American Chain & Cable Co. v. Federal Trade Commission

139 F.2d 622 | 4th Cir. | 1944

SOPER, Circuit Judge.

The petition of the American Chain & Cable Company, Inc., and other manufacturers of wire rope seeks to review a modified order of the Federal Trade Commission passed on May 25, 1943, whereby it was directed that the petitioners, who were then respondents to a complaint issued by the Commission, “do forthwith cease and desist from continuing, entering into, or carrying out any agreement, understanding, combination or conspiracy, and from continuing or co-operating in any agreed or planned common course of action, between or among any two or more of said respondents, or between any one or more of said respondents and any person, association or corporation not a party to this order, to do or perform any of the following acts or things(Italics supplied). The acts prohibited by the order include fixing the prices or conditioifs of sale of wire rope to dealers, distributors and users thereof, establishing and maintaining territorial delivered price zones, and making sales upon a delivered price basis under a zone system whereby the cost to all customers of any particular class is made identical to all destinations within a particular zone.

The Commission found that the petitioners control the production and sale of 85 per cent of the wire rope produced in the United States. They are members of the Wire Rope & Strand Manufacturers Association which was organized under a Code of Fair Competition pursuant to the National Industrial Recovery Act of 1933, 48 Stat. 195. Under the Code, list prices, discounts and classifications became uniform amongst the petitioners and a system of delivered prices was adopted on the basis of zones into which the country was divided. After the National Industrial Recovery Act was declared unconstitutional by the Supreme Court the petitioners agreed amongst themselves to co-operate in maintaining the standards set out in the *623Code. The Commission concluded that these practices unreasonably restrained trade and constituted unfair competition to the prejudice of the public and of competitors in violation of § 5 of the Federal Trade Commission Act, 52 Stat. Ill, 15 U.S.C.A. § 45. The findings and conclusions of the Commission are not disputed; and the order of the Commission was designed to put an end to the illegal practices in which the petitioners were engaged.

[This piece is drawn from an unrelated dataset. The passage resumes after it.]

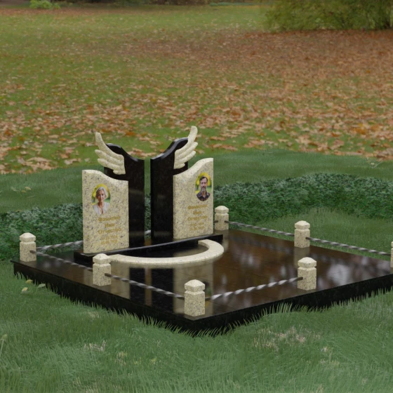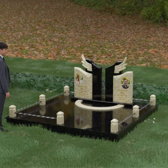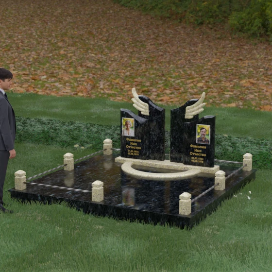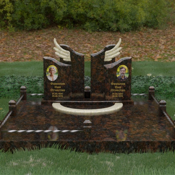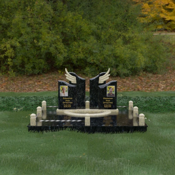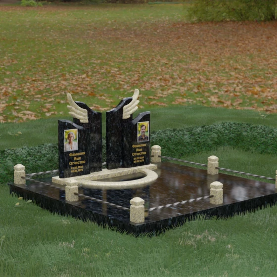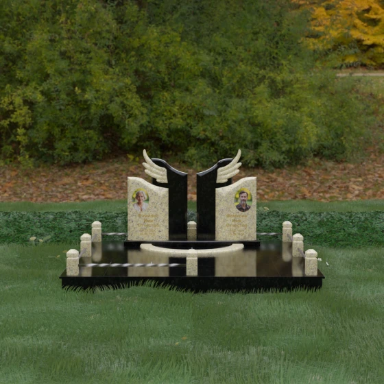 Боковые элементы композиции, выполненные из светлого камня с мягкой зернистой текстурой, несут в себе тепло и светлую память. Их форма напоминает раскрытые свитки или лепестки экзотического цветка, на которых гармонично располагаются портреты и памятные надписи. Отсутствие острых, агрессивных углов в верхней части этих изваяний подчеркивает смирение и покой. Весь ансамбль пронизан идеей дуальности: светлого и темного, земного и небесного, что делает эту модель идеальным выбором для оформления семейного захоронения, где двое близких людей обретают вечный приют под общим кровом божественной защиты.

The petitioners challenge only the terms of the Commission’s order, particularly the words italicized in the foregoing quotation. The original order, which was passed on December 4, 1942, differed in that the preamble directed that the manufacturers “do forthwith cease and desist from entering into, continuing, co-operating in, or carrying out any common course of action, agreement, understanding, combination, or conspiracy between or among any two or more of said respondents, or between any one or more of said respondents and others not parties hereto, to do or perform any of the following acts or things:” (Italics supplied).

The order was recast in its present form after the court pointed out in Salt Producers’ Ass’n v. Federal Trade Commission, 7 Cir., 134 F.2d 354, 356, that the phrase “common course of action” may be used to denote either a course of action which is adopted independently and coincidentally by two or more persons as the natural result of competition, or a course of conduct adopted pursuant to an agreement or conspiracy. To correct this ambiguity the court directed that the word “planned” be inserted before the phrase “common course of action” so as to make clear that only co-operative or concerted action was intended to be condemned. After this decision the Commission amended its order in the instant case and inserted the words “agreed or planned” before the phrase whose meaning had been found to be uncertain.

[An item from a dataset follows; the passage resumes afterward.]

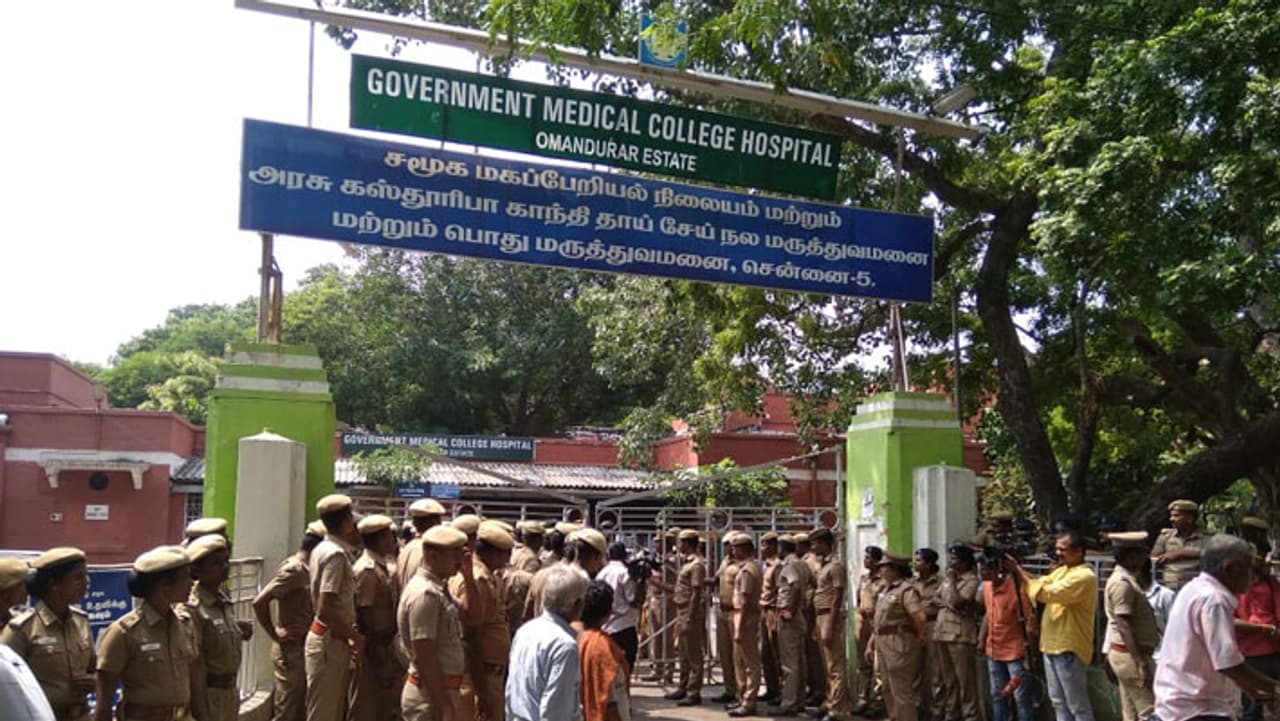 சென்னை விமான நிலையத்தில் கைது செய்யப்பட்ட மூத்த பத்திரிக்கையாளர் நக்கீரன் கோபால் மருத்துவ பரிசோதனைக்காக காவல் நிலையத்திலிருந்து திருவல்லிக்கேணி மருத்துவமனைக்கு அழைத்து செல்லப்படுகிறார்.

Notwithstanding this modification the petitioners fear that violation of the provisions of the order may be charged if, in the future, two or more of them, acting independently and without concert, offer the same prices to customers or engage in the same trade practices; or if one or more of them, acting independently and without concert to meet competition, offer to the trade the same terms which their competitors offer pursuant to a course of action which the latter have agreed to maintain. It is said that under the order as now phrased any course of action taken in concert in the past will be forever banned in the future, no matter how distant, even if it is adopted independently by two or more of the petitioners in order to meet competition, and that the mere continuance by any petitioner of his previous prices and practices will subject him to condemnation if they are also employed by any other petitioner or by two or more individuals other than the petitioners in the same line of business These dangers, it is said, are greatly increased under business conditions prevailing in the present war emergency, particularly the critical scarcity of metal products which exists and the price ceilings which have been imposed by the Office of Price Administration, which tend to produce uniformity of price at the highest lawful level entirely irrespective of agreement or understanding between competitors in the trade.

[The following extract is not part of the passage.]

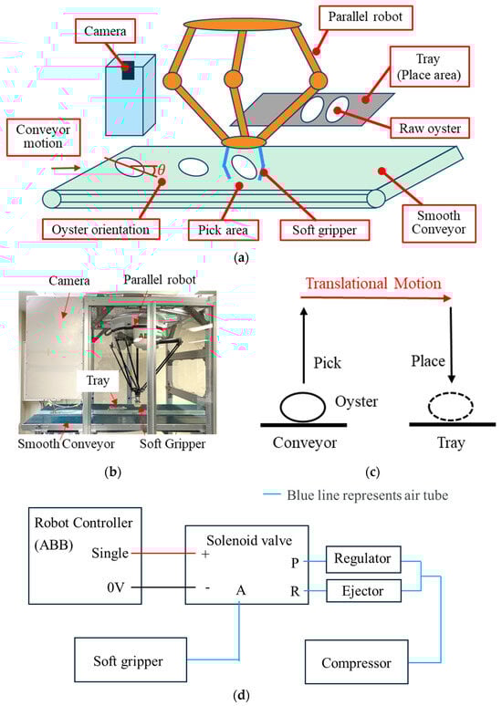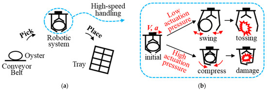 Aquatic products are essential for meeting global food demand [1]. Oysters are an important category of aquatic products, offering high nutritional value with comparatively low environmental impact [2,3]. Global oyster farming yields 7.1 million tons [4]. Japan is one of the main oyster producers, with production areas such as Hiroshima and Miyagi Prefectures [5,6]. Raw oysters are regarded as a premium product [7]. The processing of such fresh products includes peeling, cleaning, grading, and packaging, as they are highly perishable after harvest [8]. Pick-and-place handling during packaging directly influences product uniformity and production efficiency [9]. Currently, the handling of raw oysters remains largely manual [10]. Workers pick raw oysters from conveyor belts and place them into plastic trays [11]. Due to the wet, slippery surface and soft, fragile tissue, workers handle raw oysters gently and carefully to preserve their integrity [12].

Consequently the petitioners suggested to the Commission, without success, that the order be further clarified by inserting a declaration that nothing therein is intended to prohibit any manufacturer from independently continuing to engage in any course of action. The Commission on its part takes the position that the order in its present form lawfully effectuates the purpose of the statute and is free from ambiguity, while the additional modification proposed might seem to justify a manufacturer in continuing a course of conduct in violation of the law.

It does not seem to us that the order needs further clarification. It is of course true that a cease and desist order must be certain and unambiguous in its prohibitive terms because business men must operate under it at their peril. Salt Producers Ass’n v. Federal Trade Commission, 7 Cir., 134 F.2d 354; National Labor Rel. Bd. v. Express Publishing Co., 312 U.S. 426, 433, 61 S.Ct. 693, 85 L.Ed. 930; Cream of Wheat Co. v. Federal Trade Commission, 8 Cir., 14 F.2d 40, 50; Educators Ass’n v. Federal Trade Commission, 2 Cir., 108 F.2d 470-473; Shakespeare Co. v. Federal Trade Commission, 6 Cir., 50 F.2d 758, 760; Dr. W. B. Caldwell v. Federal Trade Commission, 7 Cir., 111 F.2d 889, 891. But, there can be no *624doubt that to sustain a charge of violation of the order in this case it must be shown that the prohibited acts have been performed as the result of an agreement or conspiracy, or as the result of a common course of action, that has been agreed upon or planned between two or more persons. If, as the result of such agreement or plan, the petitioners continue to co-operate in a common course of action which has been found to violate the statute, they make themselves liable to the prescribed penalties ; and they have no just cause for complaint if in appraising the evidence in any case the triers of fact seek to determine whether there is any relation or connection between their past illegal acts and the conduct under examination. If such a relation or connection is found it may properly be condemned as a continuance of an unlawful conspiracy. Of course the influence of changed business conditions must be taken into account in reaching a decision ; but there is no reason to believe that the Federal Trade Commission will fail in its duty in this respect or that the courts will hesitate to modify or reverse an order that is based on inferences not supported by the evidence.

Affirmed.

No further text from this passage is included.